#### Entries supplied

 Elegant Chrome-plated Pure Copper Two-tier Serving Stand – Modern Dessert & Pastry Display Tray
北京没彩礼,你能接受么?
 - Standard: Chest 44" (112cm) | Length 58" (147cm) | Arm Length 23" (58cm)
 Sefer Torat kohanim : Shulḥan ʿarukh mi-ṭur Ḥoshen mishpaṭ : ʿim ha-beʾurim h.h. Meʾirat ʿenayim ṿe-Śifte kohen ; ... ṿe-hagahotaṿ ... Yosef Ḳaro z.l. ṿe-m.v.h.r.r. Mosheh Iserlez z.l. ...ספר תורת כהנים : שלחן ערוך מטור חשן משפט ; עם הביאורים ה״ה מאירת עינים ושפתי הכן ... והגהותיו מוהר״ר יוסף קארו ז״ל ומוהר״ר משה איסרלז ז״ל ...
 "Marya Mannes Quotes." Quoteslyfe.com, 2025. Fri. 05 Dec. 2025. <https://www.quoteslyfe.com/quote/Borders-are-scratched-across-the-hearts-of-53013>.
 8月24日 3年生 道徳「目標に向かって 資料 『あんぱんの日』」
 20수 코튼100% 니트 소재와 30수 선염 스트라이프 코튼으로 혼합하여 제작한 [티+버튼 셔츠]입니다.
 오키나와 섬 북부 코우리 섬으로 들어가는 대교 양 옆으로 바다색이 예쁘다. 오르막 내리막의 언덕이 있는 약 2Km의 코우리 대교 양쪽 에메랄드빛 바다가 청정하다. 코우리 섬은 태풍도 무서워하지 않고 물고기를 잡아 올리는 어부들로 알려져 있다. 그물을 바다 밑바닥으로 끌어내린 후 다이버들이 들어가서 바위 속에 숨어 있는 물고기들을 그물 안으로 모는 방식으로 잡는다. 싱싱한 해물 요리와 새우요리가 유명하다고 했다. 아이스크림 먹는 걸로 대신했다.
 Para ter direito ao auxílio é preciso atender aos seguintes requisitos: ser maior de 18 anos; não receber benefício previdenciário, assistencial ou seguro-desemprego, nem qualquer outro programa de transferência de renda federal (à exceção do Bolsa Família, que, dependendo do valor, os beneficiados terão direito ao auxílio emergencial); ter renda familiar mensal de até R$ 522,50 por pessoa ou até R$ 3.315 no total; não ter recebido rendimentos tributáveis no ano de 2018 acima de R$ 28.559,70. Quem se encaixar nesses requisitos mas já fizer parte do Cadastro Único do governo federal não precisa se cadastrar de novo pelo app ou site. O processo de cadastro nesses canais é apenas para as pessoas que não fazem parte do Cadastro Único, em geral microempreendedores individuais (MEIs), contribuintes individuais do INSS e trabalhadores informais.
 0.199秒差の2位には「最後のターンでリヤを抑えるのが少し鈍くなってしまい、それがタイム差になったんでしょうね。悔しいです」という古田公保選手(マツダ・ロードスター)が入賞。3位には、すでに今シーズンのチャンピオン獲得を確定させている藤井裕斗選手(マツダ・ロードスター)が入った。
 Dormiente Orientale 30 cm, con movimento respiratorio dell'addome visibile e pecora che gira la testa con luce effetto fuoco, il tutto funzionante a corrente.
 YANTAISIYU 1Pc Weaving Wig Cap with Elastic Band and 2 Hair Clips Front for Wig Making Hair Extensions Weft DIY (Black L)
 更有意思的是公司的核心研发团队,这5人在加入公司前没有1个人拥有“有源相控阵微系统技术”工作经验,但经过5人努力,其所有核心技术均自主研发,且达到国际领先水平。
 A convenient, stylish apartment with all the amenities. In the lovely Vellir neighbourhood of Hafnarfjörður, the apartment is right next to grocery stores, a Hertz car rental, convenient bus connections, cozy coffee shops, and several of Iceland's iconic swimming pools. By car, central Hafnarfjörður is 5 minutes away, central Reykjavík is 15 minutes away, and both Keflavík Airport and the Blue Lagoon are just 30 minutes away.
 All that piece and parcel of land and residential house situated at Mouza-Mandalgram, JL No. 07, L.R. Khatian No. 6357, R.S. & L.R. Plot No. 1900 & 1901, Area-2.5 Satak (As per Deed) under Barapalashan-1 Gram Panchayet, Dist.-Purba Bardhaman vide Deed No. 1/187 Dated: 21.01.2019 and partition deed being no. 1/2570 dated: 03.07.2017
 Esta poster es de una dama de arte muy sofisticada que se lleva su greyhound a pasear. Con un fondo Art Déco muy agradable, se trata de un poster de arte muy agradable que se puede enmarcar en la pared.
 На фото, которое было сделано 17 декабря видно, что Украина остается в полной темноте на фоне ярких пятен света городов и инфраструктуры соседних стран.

########

Exercise requirements | Exact reproduction is required: output the lines from the start of the entries above through the line with "20수 코튼100% 니트".

Solution |
 Elegant Chrome-plated Pure Copper Two-tier Serving Stand – Modern Dessert & Pastry Display Tray
北京没彩礼,你能接受么?
 - Standard: Chest 44" (112cm) | Length 58" (147cm) | Arm Length 23" (58cm)
 Sefer Torat kohanim : Shulḥan ʿarukh mi-ṭur Ḥoshen mishpaṭ : ʿim ha-beʾurim h.h. Meʾirat ʿenayim ṿe-Śifte kohen ; ... ṿe-hagahotaṿ ... Yosef Ḳaro z.l. ṿe-m.v.h.r.r. Mosheh Iserlez z.l. ...ספר תורת כהנים : שלחן ערוך מטור חשן משפט ; עם הביאורים ה״ה מאירת עינים ושפתי הכן ... והגהותיו מוהר״ר יוסף קארו ז״ל ומוהר״ר משה איסרלז ז״ל ...
 "Marya Mannes Quotes." Quoteslyfe.com, 2025. Fri. 05 Dec. 2025. <https://www.quoteslyfe.com/quote/Borders-are-scratched-across-the-hearts-of-53013>.
 8月24日 3年生 道徳「目標に向かって 資料 『あんぱんの日』」
 20수 코튼100% 니트 소재와 30수 선염 스트라이프 코튼으로 혼합하여 제작한 [티+버튼 셔츠]입니다.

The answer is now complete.